WHAT THIS TASK INVOLVES: Once the line with "DESIGN : NO - 5802" is found in the entries below, print it and each following line exactly, stopping after the line with "Part of Exhibition"; print nothing else.

___ EXTRACTED RECORDS

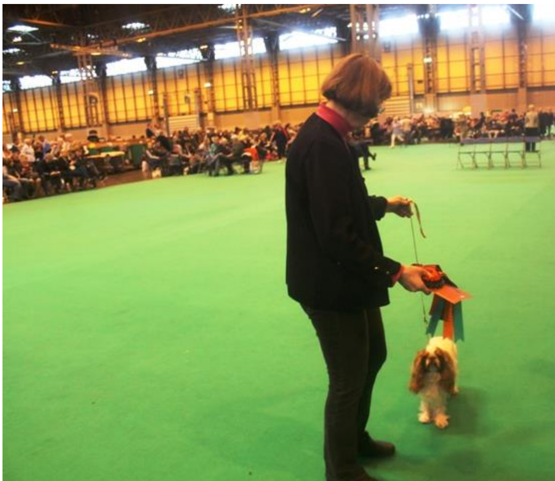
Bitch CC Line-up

______
___ EXTRACTED RECORDS

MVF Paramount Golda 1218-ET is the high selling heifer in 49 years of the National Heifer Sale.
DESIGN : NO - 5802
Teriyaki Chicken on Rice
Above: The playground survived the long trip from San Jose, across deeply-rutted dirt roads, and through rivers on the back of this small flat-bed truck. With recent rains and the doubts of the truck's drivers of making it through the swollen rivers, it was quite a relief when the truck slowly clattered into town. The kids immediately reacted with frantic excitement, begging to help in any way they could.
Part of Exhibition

______
___ EXTRACTED RECORDS

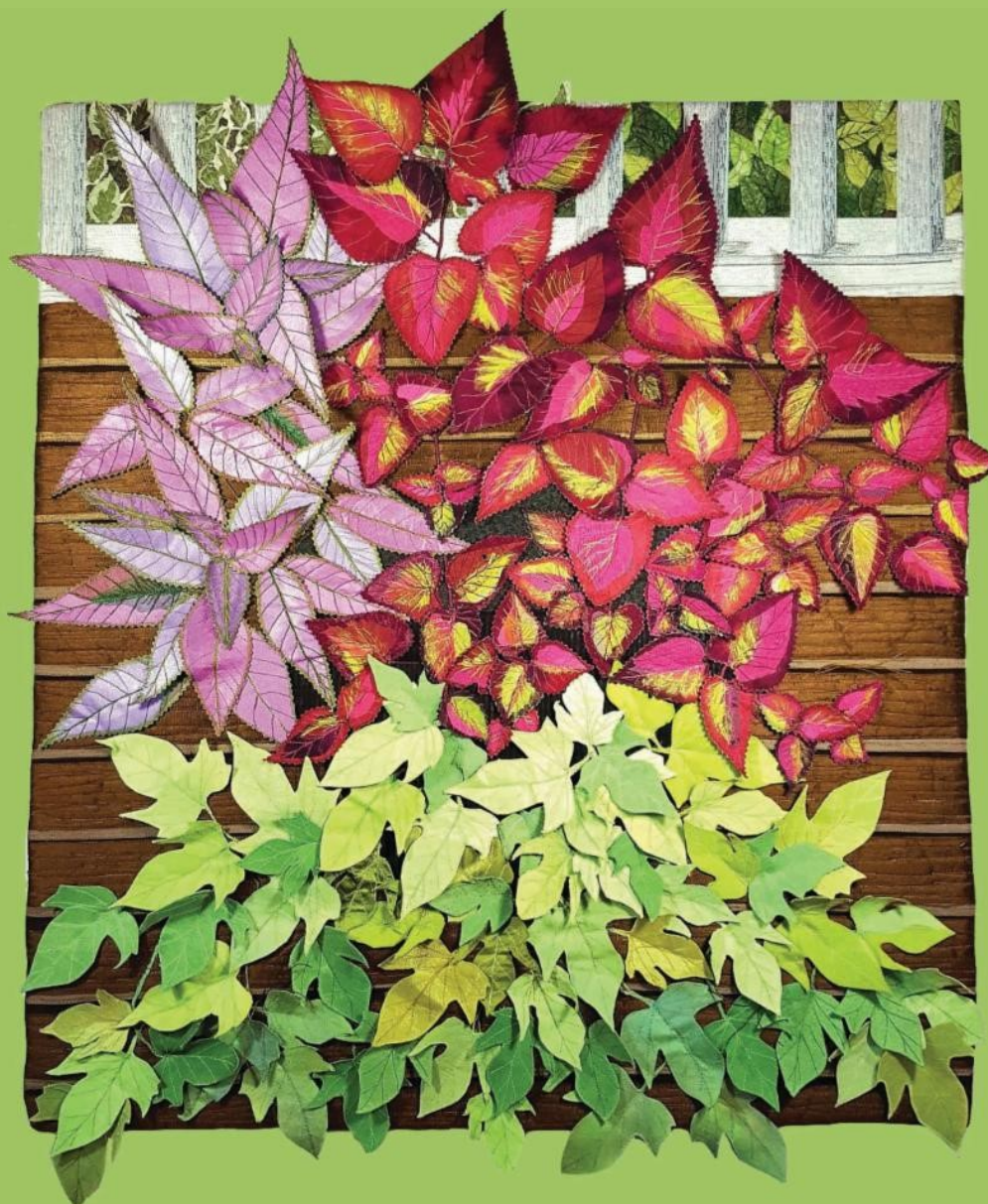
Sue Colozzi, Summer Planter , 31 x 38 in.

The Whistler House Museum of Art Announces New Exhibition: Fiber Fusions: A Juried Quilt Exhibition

______

WRITTEN ANSWER:
DESIGN : NO - 5802
Teriyaki Chicken on Rice
Above: The playground survived the long trip from San Jose, across deeply-rutted dirt roads, and through rivers on the back of this small flat-bed truck. With recent rains and the doubts of the truck's drivers of making it through the swollen rivers, it was quite a relief when the truck slowly clattered into town. The kids immediately reacted with frantic excitement, begging to help in any way they could.
Part of Exhibition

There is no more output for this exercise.